The desire to broadcast ideas, however, was always there, and although early attempts at advertising were feeble, the history of folk attempts to influence buyers goes back to the beginnings of recorded history. Some of the earliest records, in fact, were advetrisements.

Ancient Beginnings

There were many notices reaching back to 3000 BC that employed scenes intended to capture the attention of citizens, to convince them of a leader's importance, or to frighten folk into obedience. The Assyrian kings portrayed battle scenes that portrayed themselves destroying their enemies, which meant to heighten the respect and awe of the people. The basic techniques of expression haven't changed; once an idea was fixed in stone or in paint, it tended to be seen by people as indisputable truth — people tend to believe anything that's written, a "magic" that early rulers enjoyed.

The earliest common advertisements were sheets of papyrus in Egypt, bearing the notice of rewards for the return of runaway slaves, seeking persons for employment and symbols employed by tradespeople to indicate the nature of their business. Babylonian merchants employed barkers to shout their wares to passersby, and in Egypt cries were employed by importers to announce the arrival of ships with new cargoes of merchandise. These techniques are still widely employed in the 17th century game world.

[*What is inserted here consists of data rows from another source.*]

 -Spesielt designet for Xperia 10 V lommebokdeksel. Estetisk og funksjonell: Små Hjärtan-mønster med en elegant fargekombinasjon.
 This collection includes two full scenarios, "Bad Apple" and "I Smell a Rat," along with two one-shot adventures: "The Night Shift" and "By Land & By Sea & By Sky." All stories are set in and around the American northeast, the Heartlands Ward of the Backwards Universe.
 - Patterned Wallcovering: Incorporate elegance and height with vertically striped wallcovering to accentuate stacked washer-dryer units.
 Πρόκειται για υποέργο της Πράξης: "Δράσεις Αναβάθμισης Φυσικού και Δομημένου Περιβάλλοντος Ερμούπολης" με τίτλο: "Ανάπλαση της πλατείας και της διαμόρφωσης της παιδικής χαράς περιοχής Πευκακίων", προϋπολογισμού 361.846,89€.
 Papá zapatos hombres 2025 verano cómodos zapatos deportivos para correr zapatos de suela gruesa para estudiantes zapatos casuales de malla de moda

Ancient Athenians placed signboards outside their shop doors. Town criers in Greece were carefully selected for their ability to enunciate clearly, pleasingly, and in good Greek; these were sometimes accompanied by musicians. In Egypt, the criers often sang their announcements. The Romans whitened areas on walls and painted them inscriptions. Called "albums," or white spaces, pictured the trade of the householder. Wine shops in Greece and Rome would post living bush-branches over the door — this led to the origin of the proverb, "Good wine needs no bush," meaning that a good shop did not need to advertise. This is an early example of humour being used to promote an ideal or a good.

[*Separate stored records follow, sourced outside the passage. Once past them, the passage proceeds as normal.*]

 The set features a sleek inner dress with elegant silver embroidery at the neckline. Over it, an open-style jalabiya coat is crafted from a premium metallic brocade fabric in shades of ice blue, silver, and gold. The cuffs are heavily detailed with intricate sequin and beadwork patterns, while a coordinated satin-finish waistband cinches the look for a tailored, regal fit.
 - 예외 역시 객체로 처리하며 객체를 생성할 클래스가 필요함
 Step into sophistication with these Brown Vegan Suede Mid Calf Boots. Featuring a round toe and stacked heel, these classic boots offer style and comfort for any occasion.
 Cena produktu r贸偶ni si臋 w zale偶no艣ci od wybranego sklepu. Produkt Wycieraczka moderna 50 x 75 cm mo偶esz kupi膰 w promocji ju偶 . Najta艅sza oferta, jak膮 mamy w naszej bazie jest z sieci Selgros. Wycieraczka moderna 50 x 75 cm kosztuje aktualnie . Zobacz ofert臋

Early Publication Advertising

During the early Middle ages, the decline of literacy following the collapse of Rome — as well as the decline of trade — would diminish advertising for many centuries. Yet as both trade and literacy advanced during the 9th and 10th centuries, criers and shop signboards emerged. In France, wine shops would employ criers who dispensed samples in the streets. In England, signboards became a part of the national tradition.

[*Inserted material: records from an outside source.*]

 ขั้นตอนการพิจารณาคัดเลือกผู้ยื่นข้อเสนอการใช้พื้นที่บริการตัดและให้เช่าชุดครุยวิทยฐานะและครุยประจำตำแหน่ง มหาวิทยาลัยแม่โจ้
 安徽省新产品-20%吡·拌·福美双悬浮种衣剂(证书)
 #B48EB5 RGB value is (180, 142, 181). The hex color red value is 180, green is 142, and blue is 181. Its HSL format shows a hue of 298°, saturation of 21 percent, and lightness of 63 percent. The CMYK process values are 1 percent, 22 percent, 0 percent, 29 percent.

The invention of printing in the 15th century brought into being new media for commercial expression. The earliest printed advertisements were hand bills, and announcements by guilds that were bound into books — a forerunner of catalogs. Hand bills usually reproduce the signboard by which a shop was known and marked. Below the sign might be some brief copy in script, or not, for literacy still amounted to less than 10% of the population.